Reviewing the Dataset

In this section, we'll review the Tasty Bytes dataset and use Snowsight to easily profile the data we'll be working with.

NOTE: You must complete An Intro to Tasty Bytes quickstart first, to set up the dataset we'll be working with in this guide.

Setup

We'll start by creating a new folder and our first SQL worksheet within it.

In Snowsight, start by navigating to the Projects --> Worksheets menu using the left-hand navigation pane.

Projects_Worksheets

Next, create a new folder using the drop-down arrow in the upper-right hand corner. This folder will be used to store our SQL worksheets.

Create_Folder

Name the folder whatever you like. We'll name ours "End-to-End Analytics with Snowflake and Power BI" to match the name of this guide.

Name_Folder

Next, we'll create our first SQL worksheet within our folder. Use the upper-right hand navigation to create a new worksheet. We'll name our worksheet "1 - Data Profiling".

With our worksheet now open, let's set the worksheet context so we can query our Tasty Bytes raw data tables.


/*-------------------------------------------------

--SECTION 2 - REVIEWING THE DATASET

-------------------------------------------------*/

/* set database schema, role, and warehouse context */
use role sysadmin;
use database tb_101;
use schema raw_pos;
use warehouse tb_dev_wh;

With our worksheet context set, let's execute a few queries to get a better feel of the dataset we'll be working with

Data Profiling with Snowsight

/*-------------------------------------------------

--BASIC DATA PROFILING

-------------------------------------------------*/

/* Review the volume of data in each table */
show tables in schema tb_101.raw_pos;

Notice the cardinality of the order_detail and order_header tables 670M+ and 248M records respectively.
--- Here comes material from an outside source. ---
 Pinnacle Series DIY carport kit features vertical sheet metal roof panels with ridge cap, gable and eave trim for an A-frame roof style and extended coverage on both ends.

Next, we'll sample the data and review the Snowsight results pane.


/* Sample the data */
select *
from order_header
where customer_id is not null
limit 1000;

Take a few moments to review the query results pane and familiarize yourself with all the things you can do. Shown below is an example where the Stats and Query History panes are visible. We can see distribution charts for every column in our SELECT list, filter the result set further in the UI, access the query profile, visualize the results as a chart, download the results to Excel, and more!

Snowsight_Results_Pane

Next, let's review a query that can be used to identify any duplicate records in a table based on the source ID. This is a common data profiling step.
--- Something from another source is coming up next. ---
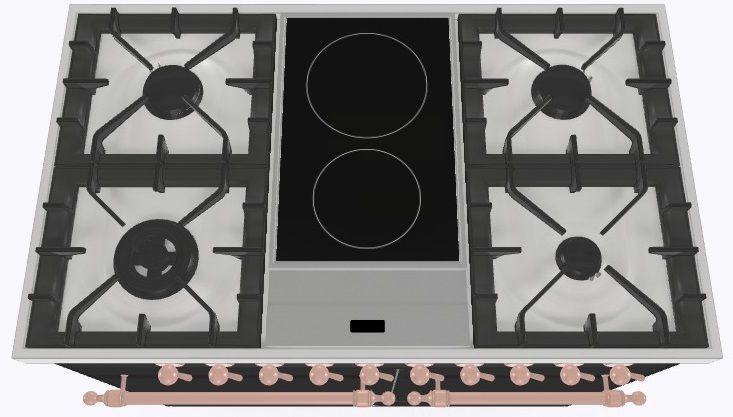 2 индукционные, 4 газовые, 1 Dual конфорка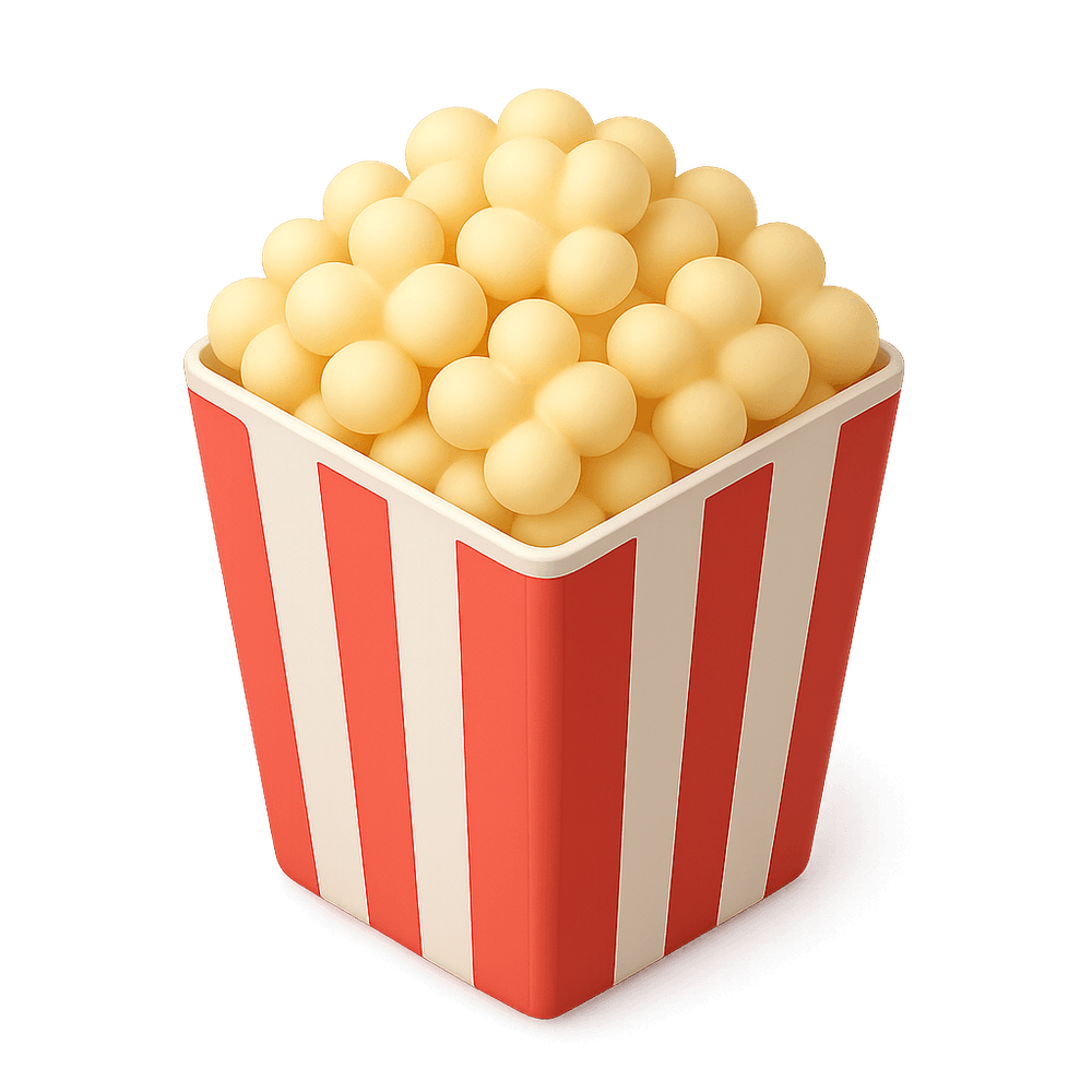 Popcorn is a light, airy snack made by heating kernels of corn until they pop. Popular at movie theaters and events, it can be enjoyed plain or with various seasonings.

/* Identify if a table contains duplicate records */
with dupes as
(
select franchise_id, count(*)
from tb_101.raw_pos.franchise
group by franchise_id
having count(*) > 1
)
select * 
from tb_101.raw_pos.franchise f 
where exists (select 1 from dupes d where d.franchise_id = f.franchise_id);

We can see the Franchise table contains duplicate records. Some are true duplicates, while others have different city values. We'll clean this data up in a later section when we develop our Dynamic Tables.

Creating New Objects

In this section, we'll:

  • Create a new schema to store our database objects
  • Create a new virtual warehouse for our Power BI Semantic Model to use
  • Create a new user that will be used to simulate multiple analyst users in a globally dispersed team
  • Create several Snowflake roles, which will be granted to the new user, and be used to determine which data elements the user will be able to see
  • Grant privileges for each role to be able to use the newly created schema and query any future objects we create
/*-------------------------------------------------

--CREATE POWERBI SCHEMA AND WAREHOUSE

-------------------------------------------------*/

/*
Now, that we've profiled the dataset, let's create a new schema to store our 
Dynamic Tables that will be queried by our Power BI semantic model.
*/
use role sysadmin;

create or replace schema tb_101.powerbi;

use schema tb_101.powerbi;

/*
-create a warehouse for Power BI if it doesn't already exist
-we won't use this warehouse just yet, but it will be the warehouse used within our Power BI semantic model
*/
create or replace warehouse tb_powerbi_wh
warehouse_size = 'MEDIUM'
max_cluster_count = 1
min_cluster_count = 1
auto_suspend = 300
initially_suspended = true
comment = 'Warehouse used for the TB Power BI DQ semantic model';


/* ensure we're still using our tb_dev_wh */
use warehouse tb_dev_wh;



-------------------------------------------------

--CREATE TEST USER, ROLES, AND GRANT PPRIVILEGES

-------------------------------------------------
/*
Create a new user called tb_bi_analyst that will be used to connect to Snowflake from Power BI

Use a strong, randomly generated password
*/
use role useradmin;

create or replace user tb_bi_analyst
--populate with your own password
  password = ''
  default_role = 'tb_bi_analyst_global';

/* 
sample script for applying a user-level network policy:
use role accountadmin;
alter user tb_bi_analyst set network_policy = 'BI_ANALYST_NETWORK_POLICY';
*/

NOTE: We strongly recommend avoiding using password-based authentication and would encourage customers to leverage SSO via their IdP. However, for purposes of a quickstart tutorial, we will use a single user and multiple roles to simulate what different users would see under different contexts. You can view Snowflake Security Overview and Best Practices here.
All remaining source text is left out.